Nine Ways to Make O’Hare Suck Less
Because it’s a drag. Literally.
Air travel in 2017 is bordering on an indignity, and nowhere is that more evident than the horror show that is O’Hare.
(Looking at you, a certain overbooked United flight.)
But we’ve got nine tips that’ll make it a little more bearable in advance of the holiday weekend — beyond the obvious (invest in the TSA’s pre-check, for starters).
Safe travels. Really.
Time your departure right.
A high-speed train between the Loop and ORD is looking like less of a pipe dream. But until Elon Musk brings the plan to fruition, you’ll need TripIt. The app’s new-ish Go Now feature (available with the $49-a-year pro version) alerts you when it’s time to leave for the airport based on where you are, your flight’s status and current traffic (spoiler alert: delays on the Kennedy).
Don’t be the sucker who waits in the long security line.
Complain about O’Hare all you want, but it’s got something going for it that many other airports don’t: Terminals 1, 2 and 3 are all connected, which means you can go through security wherever the line’s shortest. Insiders tell us Terminal 1’s far left line is a reliable bet, but to get it right every time, download MiFlight and view current wait times.
Know which lounges are the best.
Airline status or not, you’ll want to hit up a lounge for Wi-Fi, snacks and an outlet you don’t have to wrestle for. Both United and American updated their lounges (both $59 for a one-time pass) in the past year, so you’ve got options when it comes to choosing the best one (just avoid American’s Admirals Club near the intersection of the H and K Concourses — it’s still being renovated).
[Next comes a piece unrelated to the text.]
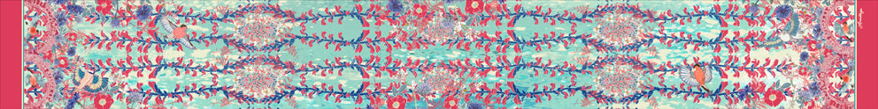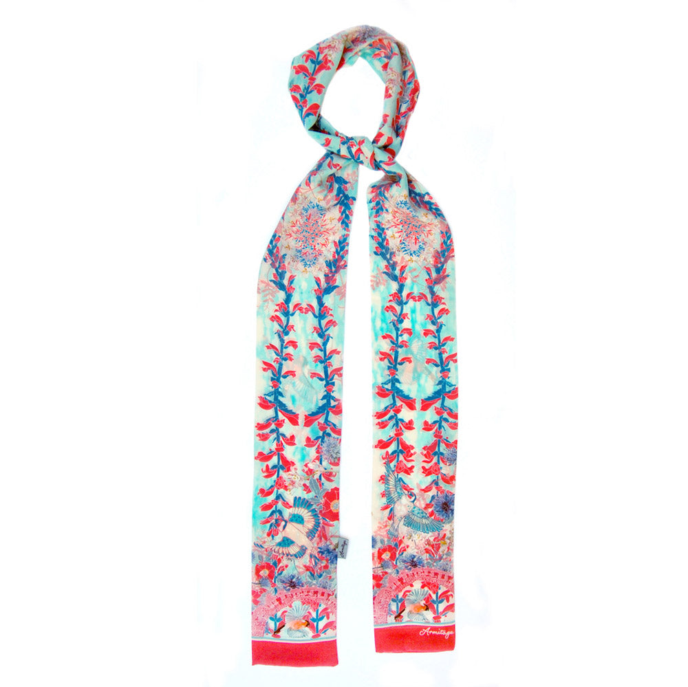 This beautiful silk scarf is part of the Cloud Bloom collection, which evokes hazy glimpses of cloud through verdant flora and fauna and the sound of birdsong over a waterlily pool…

For the ultimate luxury experience, better hope you’re traveling business or first class on an international United Polaris flight. That’ll give you access to the new Polaris lounge near gate C18, where you’ll find an Art Smith-created menu and shower rooms stocked with Cowshed products from Soho House.
Know where to eat.
Head over to Publican Tavern (a spinoff of that Publican), which brought avocado salad, pork rinds and solid breakfast options to Terminal 3 last July. Even if you’re not hungry, the well-designed space offers a good spot for people-watching and forgetting you’re stuck in an airport that doesn’t have free Wi-Fi after 30 minutes. Too crowded? Head to Rick Bayless’s Tortas Frontera in Terminal 1, 3 or 5 for a cubana torta that puts every other airport grab-and-go option to shame.
Delayed? Find your zen.
O’Hare’s very own yoga room is just past security on the mezzanine level of the Terminal 3 rotunda. There, you’ll find yoga mats (and sanitizing wipes) to use as you work through travel-related stress with a few down dogs. But you won’t find space to change into workout gear, so stop at a regular airport bathroom first.
Really, really delayed? Retail therapy awaits.
The Fashion Outlets of Chicago’s 130 stores — including Levi’s, Cole Haan and Boss — will help you forget about your travel woes. You’ll need to take a quick cab or shuttle to get there. Or if you see your flight’s delayed when you’re en route to the airport, head straight there and store your luggage with the concierge near Saks Fifth Avenue OFF 5TH, on Level 1.
This Is Ground
Have a backup Wi-Fi plan.
Rise above the nightmare that is airport Wi-Fi by having your own. This California-made backpack has the basics (loads of stealthy storage, handsome Italian leather) plus its own Wi-Fi and Tile GPS technology so you can keep track of your stuff.
Beer. Beer makes everything better.
The big-screen TVs and eight beers on tap at the new Goose Island outpost in the B Concourse of Terminal 1 beat trying to stream the game from your phone at the gate. Pro tip: If you’re tight on time, ask for your 312 in a to-go cup and take it with you.
F*ck O’Hare altogether.
There’s Midway. Oh, also that one airport in Rockford. And Milwaukee can sometimes be the best option for north siders. Or spring for a Jetsmarter membership and forget the TSA was ever a part of your life.